Mit obedeceu e cambaleou até a mesa.

O garoto já havia tomado o café da manhã e, depois de ajudar no campo atrás da casa de Belgrieve, vagou sozinho pelo vilarejo. Por um tempo, se sentiu culpado por atrair a floresta antiga para a vila e teve medo de tudo. Os aldeões fizeram tudo o que podiam para ser gentis com ele e, quando Belgrieve partiu para sua jornada, Mit conseguiu viver como antes. É claro, sentia falta de todos aqueles que se foram, mas ainda tinha Graham, Charlotte e Byaku também. Sentia-se sozinho, porém nunca como se estivesse realmente solitário.

Com isso dito, Mit estava sozinho hoje. Não que todos estivessem ocupados — as outras crianças pequenas se reuniam na casa de Belgrieve, onde Graham cuidava delas para seus pais ocupados e, normalmente, Mit também brincava junto. No entanto não hoje — até ele queria um tempo para si mesmo de vez em quando.

Mit passou um tempo olhando para os campos de trigo semeados na primavera e observou a serraria funcionando até que enfim se encontrou aqui na casa de Hannah. Antes de Duncan partir em sua própria jornada, o aventureiro foi à casa de Hannah para fazer uma xícara, e Mit estava o acompanhando na época — mas isso foi há muito tempo. Quando Mit veio hoje, encontrou Hannah no trabalho preparando o almoço para os lenhadores, e ela recebeu o menino com seu vigor habitual.

As janelas e portas foram deixadas abertas, permitindo que a brisa passasse com um som farfalhante enquanto os escassos pedaços de madeira espalhados pelo chão davam leves chacoalhadas. Hannah ajeitou a toalha de mão que tinha enrolado na cabeça.

“O que está errado? A xícara é tão interessante assim?”

"Sim."

Mit assentiu, segurando a xícara com as duas mãos. Foi feito à mão, esculpido em madeira. Mit olhou-a de perto sem tomar um único gole de chá.

“É apenas um copo de madeira.” disse Hannah com uma risada alegre.

“Hannah que fez?”

“Hmm? Sim eu fiz.”

“Posso... Fazer também?”

Hannah pareceu agradavelmente surpresa.

“Com certeza pode. Não me importo de ensiná-lo se concordar em fazer o que eu disser.”

“Quero aprender. Ensine-me.”

Hannah olhou para a panela sobre o fogo e depois de volta para Mit.

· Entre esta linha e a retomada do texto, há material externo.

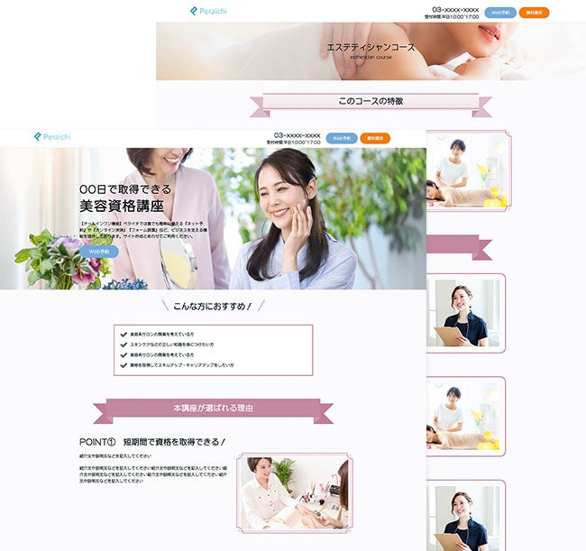 資格取得のための講座の紹介や講師の紹介、お申し込みまでできるコンテンツを配置したテンプレートです。資格取得系のページに必要な基本コンテンツで構成されたテンプレートなので、文章や画像を変えることであらゆる資格講座にご利用いただけます。

“É muito cedo para o almoço... Ok, vou te mostrar um pouco.”

“Yay. Obrigado!”

“Hehe, eu gosto de crianças que sabem quando ser gratas. Agora venha aqui.”

Mit recebeu um cinzel incrivelmente afiado, que apertou um pouco nervoso em seu punho. Hannah o trouxe um pedaço de pau um pouco mais grosso que seu braço.

“Observe-me um pouco. A machadinha talvez seja um pouco demais para você começar com ela.”

Com isso, Hannah começou a raspar a madeira. Ela arrancou a casca e criou uma superfície lisa. Seus movimentos magistrais eram uma alegria de assistir. Depois de deixar a superfície plana, desenhou com um pedaço fino de carvão. Parecia retratar uma xícara quando vista de cima. Então, o colocou em cima de um cavalo de barbear. Com um toque no pedal, a madeira resistente é presa para manter o produto inacabado no lugar. Hannah sentou Mit e caiu na gargalhada.

“Ahahaha! Desculpe, desculpe. Você não pode alcançá-lo ainda.”

Mit era muito pequeno para pisar no pedal. Então Hannah sentou-se no cavalo de barbear e deixou Mit sentar em seu colo. Na frente da madeira fixa, Mit segurava um cinzel e um martelo.

“Agora o esvazie.”

Como Hannah instruiu, Mit tocou a lâmina do cinzel contra o interior do círculo que ela havia desenhado com carvão.

“Sim, agora use isso para bater na parte de trás. Faça assim.”

Mit bateu com o martelo na parte de trás do cinzel. A lâmina afundou na madeira.

“Mais forte! Incline um pouco a lâmina.”

Mit fortaleceu nervosamente sua mão no cinzel e bateu o martelo. Ele se esforçou para acertar a pontaria.

“Isto é difícil...”

“Ahaha... Não dá pra começar fazendo tudo certo. Agora se acalme. É perigoso se torcer as mãos.”

De novo e de novo, Mit bateu na parte de trás do cinzel, e um som reconfortante de batida ressoou pela sala. A princípio, o garoto estava inseguro, contudo aos poucos foi compreendendo os fundamentos, e o som de seu martelo caindo estava ficando mais forte. A essa altura, começara a parecer divertido. Seu nervosismo inicial havia desaparecido, e agora sua mente se fixava em como deveria posicionar melhor a lâmina.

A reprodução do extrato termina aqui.